=== THE TASK ===
Please transcribe the lines below exactly, and leave every image behind.

=== TASK INPUTS ===
________________

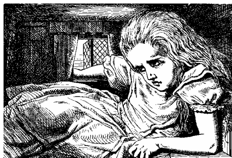
La imprudente Alicia acaba atrapada en la casa del Conejo Blanco.

Igualmente significativa es la escena en la que desmedidamente crece dentro de la casa del Conejo Blanco. ¡Qué angustia y qué asfixia siente la pobre niña condenada a vivir entre las estrechas paredes del mundo de los mayores! ¡Y qué alegría, qué liberación, cuando consigue volver al tamaño de una niña y sale corriendo hacia campo abierto! En la pradera se encuentra a otro adulto que representa la antítesis del Conejo Blanco. Si el conejo siempre tenía prisa, la Oruga se pasa la vida sentada en un hongo gigante fumando su misteriosa pipa. Es ocioso discutir si la Oruga representa o no al fumador de opio, una droga frecuente e incluso tolerada en la sociedad victoriana. En cualquier caso sí representa al adulto que pasa del mundanal ruido y que piensa que ya no queda nada por hacer.
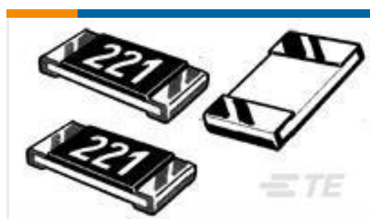
TE 产品编号2-2176230-2 3522 47R 5% 3W
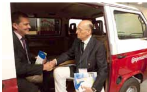
Miembros de Grupo Jenasa en la oficina móvil de AJE Madrid.
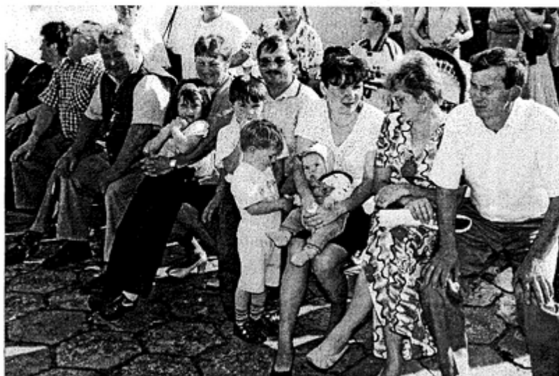
Bawiły się całe rodziny

nika były jakieś problemy z nagłośnieniem i nie zawsze w każdym miejscu było dobrze słycać. Artyści potrafili jednak dać dobry koncert niezależnie od kłopotów technicznych a publiczność reagowała niezwykle żywiołowo okłaskując swych ulubieńców. Każdy mógł spróbować szczęścia w loterii fantowej lub stracić trochę grosza w obficie zaopatrzonych bufetach. Orkiestra z Pniówka koncertowała a w przerwach odbywały się konkursy dla najmłodszych. Uroczystość zakończyła zabawa taneczna i występ zespołu "Walyncioki."
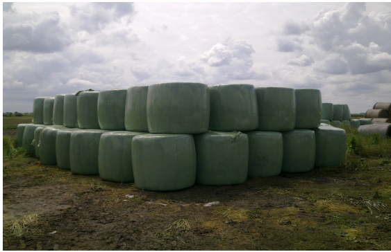
Slika 10. Silaža talijanskog ljulja
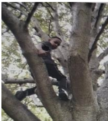
Slika 4. Elementarna igra „ Penjanje na stablo“

Još neke od igara koje se primjenjuju u prirodi, a u sklopu su projekta škole u prirodi su : 1. penjanje na drveće gdje se djeca penju na velike visine kako bi doživjeli prirodu iz ptičje perspektive, 2. igra brzine gdje se djeca velikom brzinom ljuljaju na vinovoj lozi, 3. igra s predmetima gdje djeca uče zapaliti vatru pomoću grančica... (Cree i Robb, 2021).
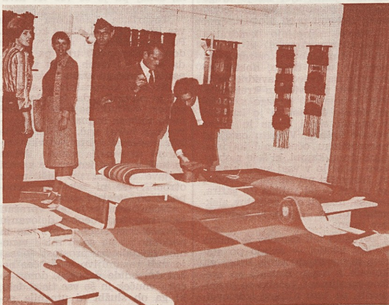
Se da tudi naročiti? ...

Minuli mesec je bila pri Kompasovi turistični poslovalnici na Titovi cesti v Ljubljani razstava ročno tkanih izdelkov Dekorativne. Na ogled so bile tapiserije, posteljna pregrinjala, blazinice, preproge in prtiči.
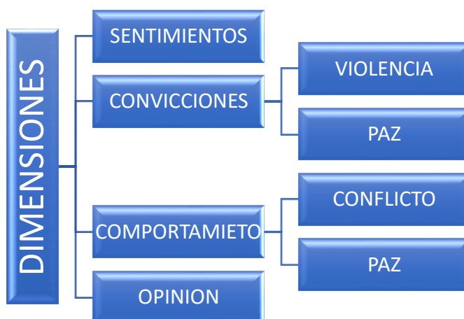
Figura 1. Categorización

Se realizó un estudio que involucró a 10 padres de familia con hijos en la etapa de infancia en el cantón Latacunga, específicamente en la parroquia Juan Montalvo. La información se recolectó a través de entrevistas. A continuación, presentamos la tabulación de los datos recopilados, organizados en 4 dimensiones.
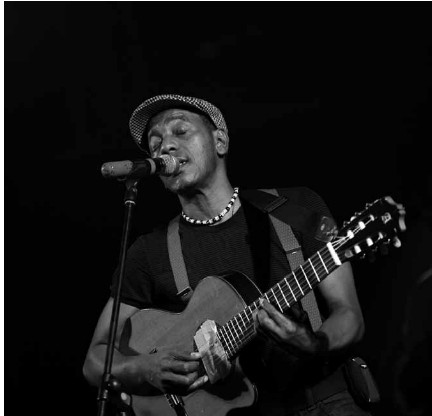
Tito Paris bringt die Kapverden nach Luxemburg.
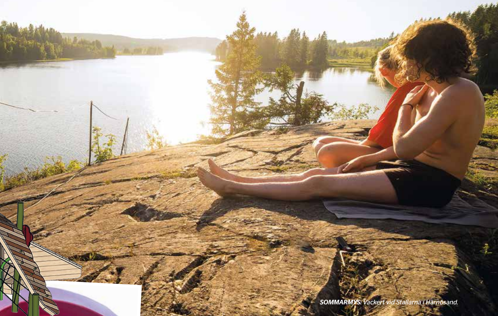
SOMMARMYS: Vackert vid Stallarna i Härnösand.
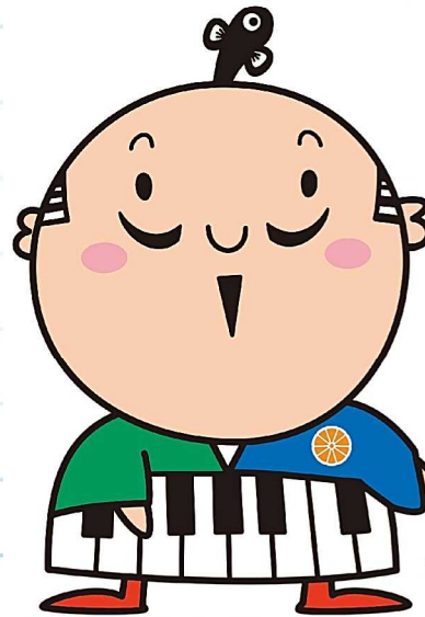
出世大名 家康くん
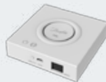
Danfoss Ally™ LAN Gateway App-Steuerung
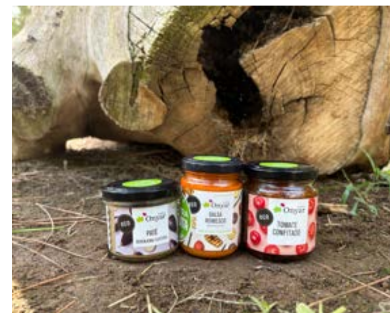
Salsas y patés Productos ecológicos de Onyar.

________________

=== WRITTEN REPLY ===
La imprudente Alicia acaba atrapada en la casa del Conejo Blanco.

Igualmente significativa es la escena en la que desmedidamente crece dentro de la casa del Conejo Blanco. ¡Qué angustia y qué asfixia siente la pobre niña condenada a vivir entre las estrechas paredes del mundo de los mayores! ¡Y qué alegría, qué liberación, cuando consigue volver al tamaño de una niña y sale corriendo hacia campo abierto! En la pradera se encuentra a otro adulto que representa la antítesis del Conejo Blanco. Si el conejo siempre tenía prisa, la Oruga se pasa la vida sentada en un hongo gigante fumando su misteriosa pipa. Es ocioso discutir si la Oruga representa o no al fumador de opio, una droga frecuente e incluso tolerada en la sociedad victoriana. En cualquier caso sí representa al adulto que pasa del mundanal ruido y que piensa que ya no queda nada por hacer.
TE 产品编号2-2176230-2 3522 47R 5% 3W
Miembros de Grupo Jenasa en la oficina móvil de AJE Madrid.
Bawiły się całe rodziny

nika były jakieś problemy z nagłośnieniem i nie zawsze w każdym miejscu było dobrze słycać. Artyści potrafili jednak dać dobry koncert niezależnie od kłopotów technicznych a publiczność reagowała niezwykle żywiołowo okłaskując swych ulubieńców. Każdy mógł spróbować szczęścia w loterii fantowej lub stracić trochę grosza w obficie zaopatrzonych bufetach. Orkiestra z Pniówka koncertowała a w przerwach odbywały się konkursy dla najmłodszych. Uroczystość zakończyła zabawa taneczna i występ zespołu "Walyncioki."
Slika 10. Silaža talijanskog ljulja
Slika 4. Elementarna igra „ Penjanje na stablo“

Još neke od igara koje se primjenjuju u prirodi, a u sklopu su projekta škole u prirodi su : 1. penjanje na drveće gdje se djeca penju na velike visine kako bi doživjeli prirodu iz ptičje perspektive, 2. igra brzine gdje se djeca velikom brzinom ljuljaju na vinovoj lozi, 3. igra s predmetima gdje djeca uče zapaliti vatru pomoću grančica... (Cree i Robb, 2021).
Se da tudi naročiti? ...

Minuli mesec je bila pri Kompasovi turistični poslovalnici na Titovi cesti v Ljubljani razstava ročno tkanih izdelkov Dekorativne. Na ogled so bile tapiserije, posteljna pregrinjala, blazinice, preproge in prtiči.
Figura 1. Categorización

Se realizó un estudio que involucró a 10 padres de familia con hijos en la etapa de infancia en el cantón Latacunga, específicamente en la parroquia Juan Montalvo. La información se recolectó a través de entrevistas. A continuación, presentamos la tabulación de los datos recopilados, organizados en 4 dimensiones.
Tito Paris bringt die Kapverden nach Luxemburg.
SOMMARMYS: Vackert vid Stallarna i Härnösand.
出世大名 家康くん
Danfoss Ally™ LAN Gateway App-Steuerung
Salsas y patés Productos ecológicos de Onyar.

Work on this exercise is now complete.